Fuente Victoria


Discos Flamencos
David Leiva
Flamencolive, 2012
Pablo San Nicasio Ramos


Es, de los de su generación, la punta de lanza de los que compaginan la composición y la pedagogía al más alto nivel.


Es el futuro. Y no es cuestión de querer abarcarlo todo. En los tiempos actuales es imprescindible saber transcribir, enseñar, tocar y componer para guitarra flamenca, todo en uno, si quieres que tu vocación no se vaya por el sumidero de la crisis y la falta de contratos.
Es decir, que el “modelo David Leiva” se impone para los nuevos guitarristas sí o sí.

Se acabó la idea de que los conocimientos íntegros de música no sirven a la hora de vivir de esto y que “chanelar” el flamenco no se conjuga por ahí.

Almeriense de nacimiento y barcelonés de asentamiento, desde su altozano del Liceu David Leiva es perfectamente consciente de lo que se gesta en el intercambio de generaciones flamencas.
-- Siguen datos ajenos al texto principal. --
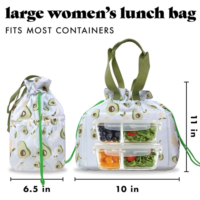 - Spacious Women's Lunch Box - Measuring 10 inches long x 11 inches high x 6.5 inches wide, our durable stain-resistant large lunch bag has a spacious interior to accommodate multiple containers. Easy to clean, the wide top opening allows you to easily take meals and snacks.

De ahí que el grueso de su producción esté encaminado a surtir de material a las todavía medio vacías bibliotecas pedagógicas flamencas.

Su nombre ya se une por méritos propios a los de los Óscar Herrero, Claude Worms, Alain Faucher, Faustino Núñez, Enrique Vargas y tantos otros que han cogido lápiz y papel desmontando tópicos y haciendo verdaderamente universal y accesible el hermetismo de un arte maravilloso pero a la vez cerril a carta cabal.

Y ahora llega “Fuente Victoria”, su primer álbum en solitario. Editado por el sello donde colabora en sus publicaciones didácticas, “flamencolive” y grabado en su propio estudio barcelonés.

Para cerrar el círculo de este joven guitarrista nos quedaba comprobar su aportación original al repertorio de toques flamencos, algo que queda solventado, aunque suponemos que vendrán más, con el disco que nos ocupa.

Gran variedad creativa en un trabajo donde ningún palo se repite y en el que se llega a nueve piezas de interesante factura y poco floreo colaborador, dando por sentado que era sólo la guitarra la que debía protagonizar su debut.

Pasando revista al puñado de toques nos damos cuenta del sonido limpio y las ideas claras de David en cuanto a estructuración y significado de los toques.

Hay una idea sobrevolando todo que es la melodía. Se quiere decir algo y además se pone en valor el “cómo”. Siempre de la mano de una solvente idea de fraseo en las piezas.
Resaltamos el valor de la rumba y la farruca como piezas más logradas de un disco que, suponemos, contará en breve con la ayuda de la correspondiente partitura para la correcta y fidedigna interpretación de quien lo desee.

“Fuente Victoria” cuenta con las colaboraciones de Ernesto Cuadrado en las percusiones y de Juan Pinilla y Pericón de Cádiz en el cante.

Lo dicho, interesante y variado disco de debut de un grande de la pedagogía y difusión de este proceloso y no siempre agradecido arte de tocar flamenco.